Leu-Semenescu Smaranda, Nittur Nandy, Golmard Jean-Louis, Arnulf Isabelle
National Reference Centre for Narcolepsy and Idiopathic Hypersomnia, France; AP-HP, Hôpital Universitaire Pitié-Salpêtrière, Service des Pathologies du Sommeil, Paris, France; Pierre and Marie Curie University, Centre de Recherche de l'Institut du Cerveau et de la Moelle épinière, Inserm U 1127, CNRS UMR7225, Paris, France.
AP-HP, Hôpital Universitaire Pitié-Salpêtrière, Service des Pathologies du Sommeil, Paris, France.
Sleep Med. 2014 Jun;15(6):681-7. doi: 10.1016/j.sleep.2014.01.021. Epub 2014 Mar 18.
To evaluate the benefits and risks of pitolisant (a wake-enhancing drug that increases the histamine release in the brain by blocking presynaptic H3 histamine reuptake) in patients with idiopathic (IH) and symptomatic (SH) hypersomnia plus sleepiness refractory to available stimulants (modafinil, methylphenidate, mazindol, sodium oxybate, and d-amphetamine).
Through retrospective analyses of patient files, the benefit (the score from the Epworth Sleepiness Scale [ESS], authorization renewal) and tolerance (side-effects) of pitolisant were assessed.

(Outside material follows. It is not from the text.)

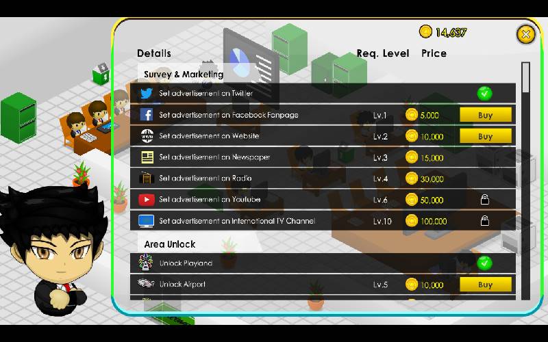 Stabilisci una crescente rete di negozi di alimentari in questa emozionante esperienza da magnate, dove bilanci le esigenze dei clienti, confronti le imprese rivali e alleni il tuo team per implementare tattiche promozionali efficaci per il successo.

A total of 78 patients with IH (n=65%, 78% women) and SH (n=13%, 54% women) received pitolisant 5-50 mg once per day over the course of five days to 37 months. The median (interquartile range) ESS scores of patients with IH decreased from 17 (15.5-18.5) to 14 (12-17). There were 36% responders (ESS fall of > or =3). The improvement in ESS score (-1.9±2.6) was different from 0 in IH without long sleep time (P<0.002) and in IH with a long sleep time (P<0.0001), but not in SH. Forty-four (63%) patients with IH and 12 (77%) patients with SH stopped pitolisant, mostly due to a lack of efficacy. Side-effects included gastrointestinal pain (15.4%), increased appetite and weight gain (14.1%), headache (12.8%), insomnia (11.5%), and anxiety (9%), as well as exceptional reports of depression and persistent genital arousal.

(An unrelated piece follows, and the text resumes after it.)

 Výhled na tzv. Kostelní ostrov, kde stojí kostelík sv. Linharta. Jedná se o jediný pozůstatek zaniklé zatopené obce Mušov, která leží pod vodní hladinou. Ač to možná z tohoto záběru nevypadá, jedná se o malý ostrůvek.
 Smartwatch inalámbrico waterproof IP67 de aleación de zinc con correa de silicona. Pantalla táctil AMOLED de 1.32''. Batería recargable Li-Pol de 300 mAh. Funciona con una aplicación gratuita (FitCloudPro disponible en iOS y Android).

Pitolisant had a long-term favorable benefit/risk ratio in 23-38% of drug-resistant patients with IH and SH, suggesting that histamine neurons can be stimulated in severe idiopathic and symptomatic hypersomnia.

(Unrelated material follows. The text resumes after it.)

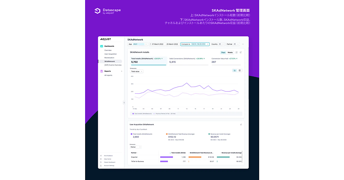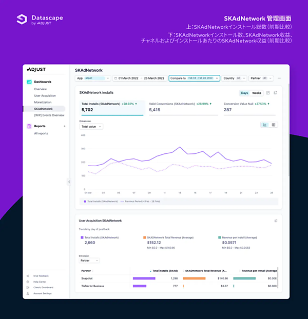 Datascapeは、最新技術を詰め込んだアナリティクスツールで、さまざまなデータをより簡単に視覚化する。マーケティング指標を瞬時に確認し、より深く詳細なデータを取得する。「iOS」と「Android」の両OSを横断してアプリパフォーマンスを比較し、米国Appleの広告測定の仕組みの「SKAdNetwork」の管理画面では、最もインストールやコンバージョンイベントを促したキャンペーンを把握できる。

评估匹托利生(一种促醒药物,通过阻断突触前H3组胺再摄取增加大脑中的组胺释放)对患有特发性(IH)和症状性(SH)发作性睡病且对现有兴奋剂(莫达非尼、哌甲酯、吗茚酮、羟丁酸钠和d - 苯丙胺)难治性嗜睡患者的益处和风险。
通过对患者病历的回顾性分析,评估匹托利生的益处(爱泼沃斯思睡量表[ESS]评分、授权续签)和耐受性(副作用)。
共有78例IH患者(n = 65%,女性占78%)和SH患者(n = 13%,女性占54%)在5天至37个月的时间里每天接受一次5 - 50 mg的匹托利生治疗。IH患者的ESS评分中位数(四分位间距)从17(15.5 - 18.5)降至14(12 - 17)。有36%的患者有反应(ESS下降≥3分)。在无长睡眠时间的IH患者(P < 0.002)和有长睡眠时间的IH患者(P < 0.0001)中,ESS评分的改善(-1.9±2.6)与0不同,但在SH患者中并非如此。44例(63%)IH患者和12例(77%)SH患者停用了匹托利生,主要原因是缺乏疗效。副作用包括胃肠道疼痛(15.4%)、食欲增加和体重增加(14.1%)、头痛(12.8%)、失眠(11.5%)和焦虑(9%),以及关于抑郁和持续性性唤起的特殊报告。
匹托利生在23% - 38%的耐药性IH和SH患者中具有长期良好的效益/风险比,这表明在严重的特发性和症状性发作性睡病中可以刺激组胺能神经元。